Alright so you are against any type of tax raises I take it?

My question to you is this. The budget was balanced and there was actually a surplus paying down the debt each yeah when GW took office. The tax cuts that he passed first thing immediately put a stop to this and changed it back to the US borrowing money each year. This only got worse because of economy/war/prescription drug benefit.

In hindsight would you still say those tax cuts were the right thing to do and overall have allowed the country to achieve a higher GDP then it otherwise would without the tax cut?

Personally I don't hold a strong opinion because I know I haven't spent enough time researching it to know.

One thing I do know though is that to come to any sort of a balance budget tax cuts will certainly not be the answer(although the tax code overall could use a significant overhaul) but the country will have to cope with significant cuts to medicaid. Modern medicine has simply got to good at keeping people alive at a very high price and makes the entire model for medicaid not work.

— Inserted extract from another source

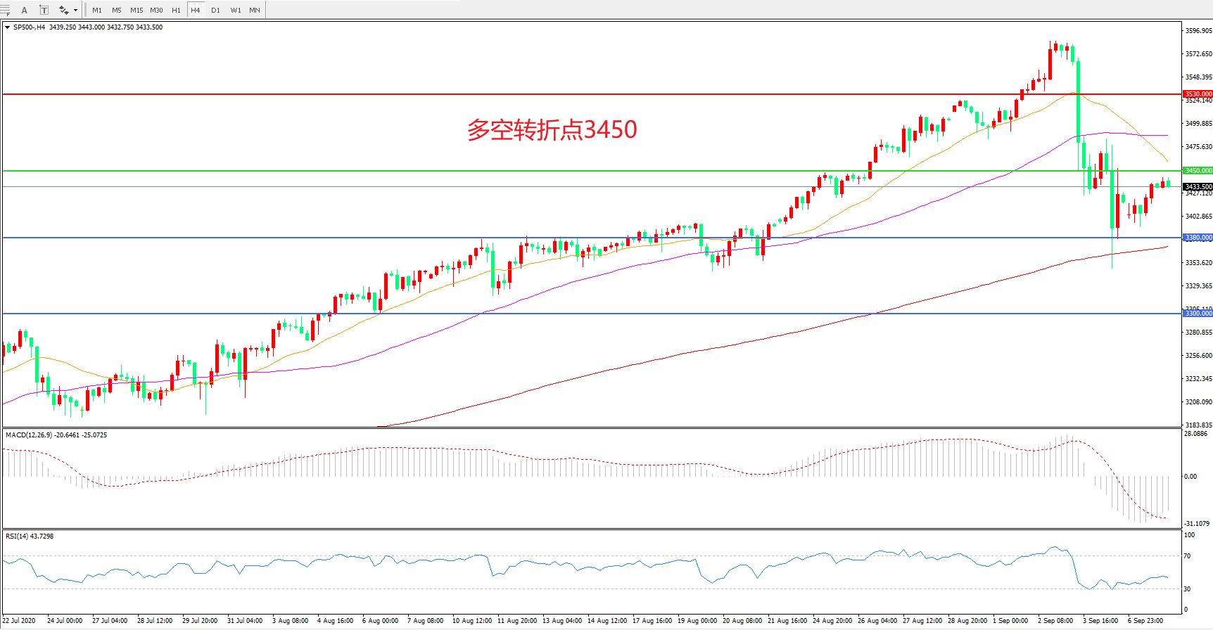 多空转折点:3450.00

Most people just don't like the idea of letting old people that don't have money die from very treatable causes simply because it's to expensive to pay for. Or people of any age like that. But it might come to that to some extent.

The thing is I bet soon as the government stopped picking up the tab for these expensive treatments that very few old people are paying for cash currently - the prices will suddenly drop!
 
The thing is I bet soon as the government stopped picking up the tab for these expensive treatments that very few old people are paying for cash currently - the prices will suddenly drop!

Give this man a cigar -

Stop all goverment funding / open up the provision of and insurance for and let private companies regulate it.

It'll hurt for a bit but there is money to be made so it'll develop into a competitive and so cheaper market after a period of adjustment, it's the only way and everyone will be better off in the long run.
 
People who blame the war on terror or bush tax cuts simply do not realize how serious of a fuck up the housing bubble was.